A Weekend Creative Instigation Assignment - You're Doing Monday's Post!

Don’t feel like you get enough opportunities to be creative in your job? Maybe so.

If that’s the case, here's an assignment for today and over the weekend: be on the lookout for an informal opportunity to use your creative talent to help someone else, then report back on it here by Monday.

Want a quick example - at a party earlier this year, one guest was talking about trying to come up with an intriguing name for her new business idea. I joined the conversation and offered to help generate some possible names. My motivation? I'd developed a new messaging ideation technique that hadn't yet been tested. This was a great low-risk way to see if it could really generate lots of cool ideas.

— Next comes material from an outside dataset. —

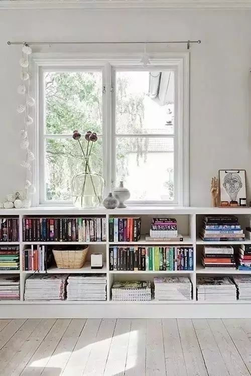 8.将靠窗的墙体打造成书柜,如果再将窗户设计成飘窗,岂不是一个完美的阅读空间加收纳空间。

We both benefitted. She received more than a 100 possible names; I learned what worked and didn't with the new technique.

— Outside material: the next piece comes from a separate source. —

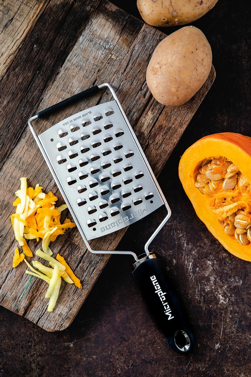 Die Microplane Gourmet-Serie erfüllt die Anforderungen der Profis hinsichtlich Konstruktion und Design. Sie bietet schärfste Reiben und Hobel, die breiter und unterschiedlicher ausgearbeitet sind als die weltberühmte und kernig handfeste Microplane Zester-Reibe. Rutschfeste Gummifüße sorgen für Stabilität und sicheren Halt auf Tellern und Schüsseln. Ein angenehm weicher „soft-touch“ Griff verleiht dieser Serie einen komfortablen Charakter.

Be on the lookout for people with creative challenges this weekend and share a brief story in the comments section on this post, ideally by Monday. Let everyone know how you tried to help someone - either previously or over the weekend. And in so doing, you'll address another creative challenge: your comments will become the whole Monday Creative Quickie post!

So have a great weekend and report your successes in helping others with creative challenges on Brainzooming!


4 comments:

Mike Brown said...

My wife Cyndi honed her web skills by volunteering to do websites for our Church and her sorority. It helped both out and let her engage new areas of creativity.

Mike

Jan said...

I'm helping my daughter who's away at college celebrate Mother's Day with us ... by breaking the rules. Instead of celebrating May 10, we'll observe Mother's Day May 17, after Kate's out of school and back home. It's important to know the rules, so you can choose to break them!

Terry said...

Today one of our field managers shared a great analogy comparing one of our old web tools to a simple remote control (you know, the kind that only has power, volume and a channel changer) with our new web tool that's more like a universal remote with more features. Envisioning a remote with thousands of buttons, I helped him take the comparison a step further by comparing our formerly separate online tools that required customers to go three separate places to my coffee table covered with separate TV, VCR and cable box remotes.

Amy Hoppenrath said...

I received a question from a professional associate today asking for advice about a project she is working on. She was stuck. After some discussion, we determined that before she would find the answers, she needed to ask more questions.